As Francine Prose wrote, albeit almost forty years later, “To read the novel is, for most, an exercise in wish-fulfillment and self-congratulation, a chance to consider thorny issues of race and prejudice from a safe distance and with the comfortable certainty that the reader would
never
harbor the racist attitudes espoused by the lowlifes in the novel.”
13
Yet had
To
Kill a Mockingbird
not
reflected the political and social sensibility of the 1950s, even though it's set much earlier in the 1930s, it wouldn't have been as popular or talked about.
14

*   *   *

Americans wanted to see themselves as justice-loving and believing in freedom, for example, especially in the face of communism, but the Emmett Till trial of 1955 in Mississippi was a notorious example of the opposite. An all-white, all-male jury deliberated sixty-seven minutes before acquitting two white defendants of murdering fourteen-year-old Till for whistling at a white woman. Hence the injustice of Tom Robinson's trial was greatly amplified in reader's minds in 1960 because it seemed much nearer in time, not an event from an earlier, benighted age in American history.
15

Also, sexual intimacy between blacks and whites had always been an incendiary issue; but it was never was more violently opposed than after the U.S. Supreme Court's 1954 decision in
Brown v.

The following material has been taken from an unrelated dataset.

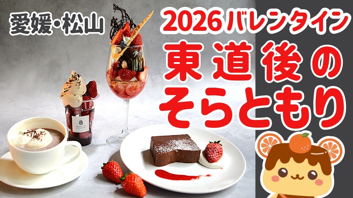 愛媛県松山市の人気温浴施設「東道後のそらともり」では、2026年2月限定でバレンタイン仕様のいちご×チョコレートスイーツが登場。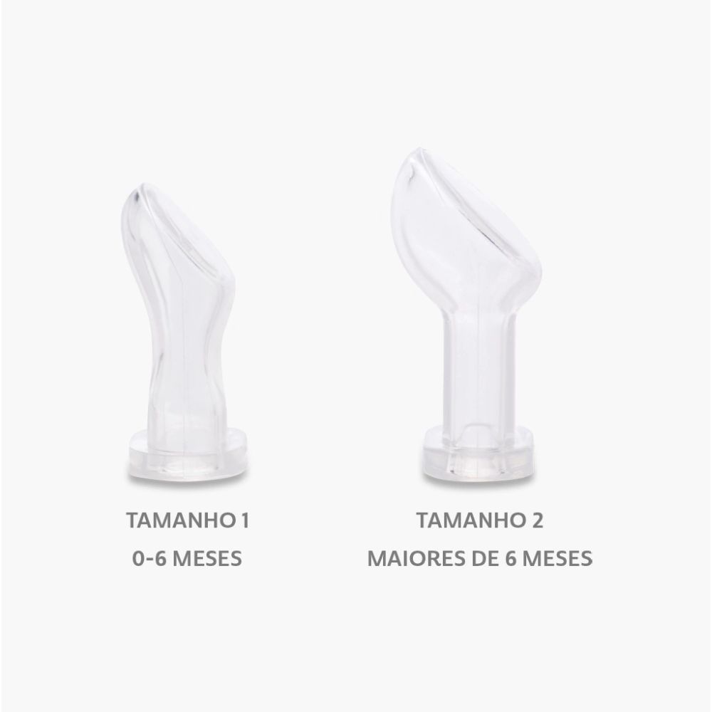 Tamanho 2 (Maiores de 6 meses): Dimensões do bico e do escudo proporcionais à face e à cavidade bucal de bebês em fase de maior desenvolvimento.

Board of Education
threatened to violate sexual taboos by mixing black and white schoolchildren. An exhaustive 1947 study of southern culture by Gunnar Myrdal asked whites to choose among six categories in gauging what they believed blacks most desired by asserting their civil rights. First in ranking came “intermarriage and sex intercourse with whites.”
16
From his research, Myrdal concluded that “sex was the principle around which the whole structure of segregation … was organized. And it was because of sex that racial segregation … was intended to permeate every aspect of society.” By putting interracial sex and injustice at the center of her fictional trial, Lee made the adult concerns of the novel simultaneously present-day and enduring, too.

And perhaps that's why Atticus Finch had to lose in court; because had the law triumphed over “the secret courts of men's hearts,” in Scout's phrase, meaning their fears and prejudices, the verdict would have been abhorrent to segregationists. What the law threatened to make them do, they could resist so long as they stood their ground. But the novel provides hope. Atticus and Sheriff Heck Tate choose not to have Boo Radley arrested—a subversive ending, an act of justice in spite of what the jury decides in the Tom Robinson case. It gives strength to the belief that people of good conscience can change society.
17

In American culture,
To Kill a Mockingbird
would become like
Catch-22
,
One Flew Over the Cuckoo's Nest
,
Portnoy's Complaint
,
On the Road
,
The Bell Jar
,
Soul on Ice
, and
The Feminine Mystique
—books that seized the imagination of the post–World War II generation. A novel that played a part in questioning the “system.”

*   *   *

A torrent of requests for interviews and book signings left Nelle breathless. Sacks of fan mail arrived at Lippincott. Capote wrote to friends: “Poor thing—she is nearly demented: says she gave up trying to answer her ‘fan mail' when she received sixty-two letters in one day. I wish she could relax and enjoy it more: in this profession it's a long walk between drinks.”
18
Most of the letters lauded the book, but a few were angry. “In this day of mass rape of white women who are not morons, why is it that you young Jewish authors seek to whitewash the situation?” complained a reader. Lee was tempted to reply, “Dear Sir or Madam, somebody is using your name to write dirty letters. You should notify the F.B.I.” And she planned to sign it, “Harper Levy.”